[DOCS] Adds example of semantic search with ELSER (#95992)

szabosteve · David Roberts · abdonpijpelink · web-flow · commit e0a4edc46dfb · 2023-05-15T14:18:33.000+02:00
Co-authored-by: David Roberts &lt;dave.roberts@elastic.co&gt;
Co-authored-by: Abdon Pijpelink &lt;abdon.pijpelink@elastic.co&gt;
diff --git a/docs/reference/search/search-your-data/semantic-search-elser.asciidoc b/docs/reference/search/search-your-data/semantic-search-elser.asciidoc
@@ -1,8 +1,228 @@
 [[semantic-search-elser]]
-== Perform semantic search with ELSER
+== Tutorial: semantic search with ELSER
 ++++
 <titleabbrev>Semantic search with ELSER</titleabbrev>
 ++++
 
 :keywords: {ml-init}, {stack}, {nlp}, ELSER
-:description: ELSER is a learned sparse ranking model trained by Elastic.
+:description: ELSER is a learned sparse ranking model trained by Elastic.
+
+Elastic Learned Sparse EncodeR - or ELSER - is an NLP model trained by Elastic 
+that enables you to perform semantic search by using sparse vector 
+representation. Instead of literal matching on search terms, semantic search 
+retrieves results based on the intent and the contextual meaning of a search 
+query.
+
+The instructions in this tutorial shows you how to use ELSER to perform semantic 
+search on your data.
+
+NOTE: Only the first 512 extracted tokens per field are considered during 
+semantic search with ELSER v1. Refer to 
+{ml-docs}/ml-nlp-limitations.html#ml-nlp-elser-v1-limit-512[this page] for more 
+information.
+
+
+[discrete]
+[[requirements]]
+=== Requirements
+
+To perform semantic search by using ELSER, you must have the NLP model deployed 
+in your cluster.
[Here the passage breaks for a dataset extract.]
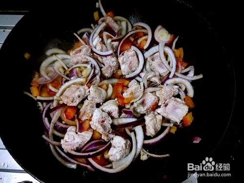 热锅起油,放入番茄翻炒,把番茄煮软,煮出汁后倒入排骨,洋葱,蒜米翻炒。翻炒过程中加入一勺生抽,一勺料酒,几块冰糖,一勺盐,一起翻炒均匀。

Refer to the 
+{ml-docs}/ml-nlp-elser.html[ELSER documentation] to learn how to download and 
+deploy the model.
+
+
+[discrete]
+[[elser-mappings]]
+=== Create the index mapping
+
+First, the mapping of the destination index - the index that contains the tokens 
+that the model created based on your text - must be created.  The destination 
+index must have a field with the <<rank-features, `rank_features`>> field type 
+to index the ELSER output.
+
+[source,console]
+----
+PUT my-index
+{
+  "mappings": {
+    "properties": {
+      "ml.tokens": {
+        "type": "rank_features" <1>
+      },
+      "text_field": {
+        "type": "text" <2>
+      }
+    }
+  }
+}
+----
+// TEST[skip:TBD]
+<1> The field that contains the prediction is a `rank_features` field.
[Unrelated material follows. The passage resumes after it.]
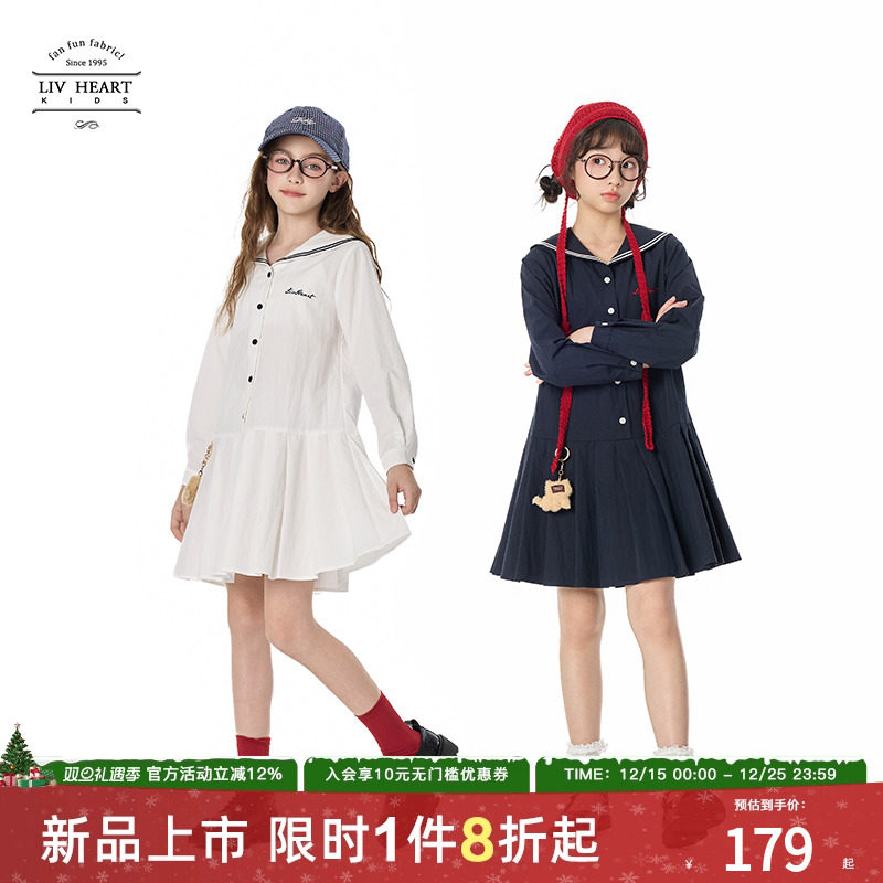 Livheart kids 学院风女童长袖连衣裙2025新款海军领女大童百褶裙

+<2> The text field from which to create the sparse vector representation.
+
+
+[discrete]
+[[inference-ingest-pipeline]]
+=== Create an ingest pipeline with an inference processor
+
+Create an <<ingest,ingest pipeline>> with an 
+<<inference-processor,{infer} processor>> to use ELSER to infer against the data 
+that is being ingested in the pipeline.
+
+[source,console]
+----
+PUT _ingest/pipeline/elser-v1-test
+{
+  "processors": [
+    {
+      "inference": {
+        "model_id": ".elser_model_1",
+        "target_field": "ml",
+        "field_map": {
+          "text": "text_field"
+        },
+        "inference_config": {
+          "text_expansion": { <1>
+            "results_field": "tokens"
+          }
+        }
+      }
+    }
+  ]
+}
+----
+// TEST[skip:TBD]
+<1> The `text_expansion` inference type needs to be used in the {infer} ingest 
+processor.
+
+
+[discrete]
+[[load-data]]
+=== Load data
+
+In this step, you load the data that you later use in the {infer} ingest 
+pipeline to extract tokens from it.
+
+Use the `msmarco-passagetest2019-top1000` data set, which is a subset of the MS 
+MACRO Passage Ranking data set. It consists of 200 queries, each accompanied by 
+a list of relevant text passages. All unique passages, along with their IDs, 
+have been extracted from that data set and compiled into a 
+https://github.com/elastic/stack-docs/blob/main/docs/en/stack/ml/nlp/data/msmarco-passagetest2019-unique.tsv[tsv file].
+
+Download the file and upload it to your cluster using the 
+{kibana-ref}/connect-to-elasticsearch.html#upload-data-kibana[Data Visualizer] 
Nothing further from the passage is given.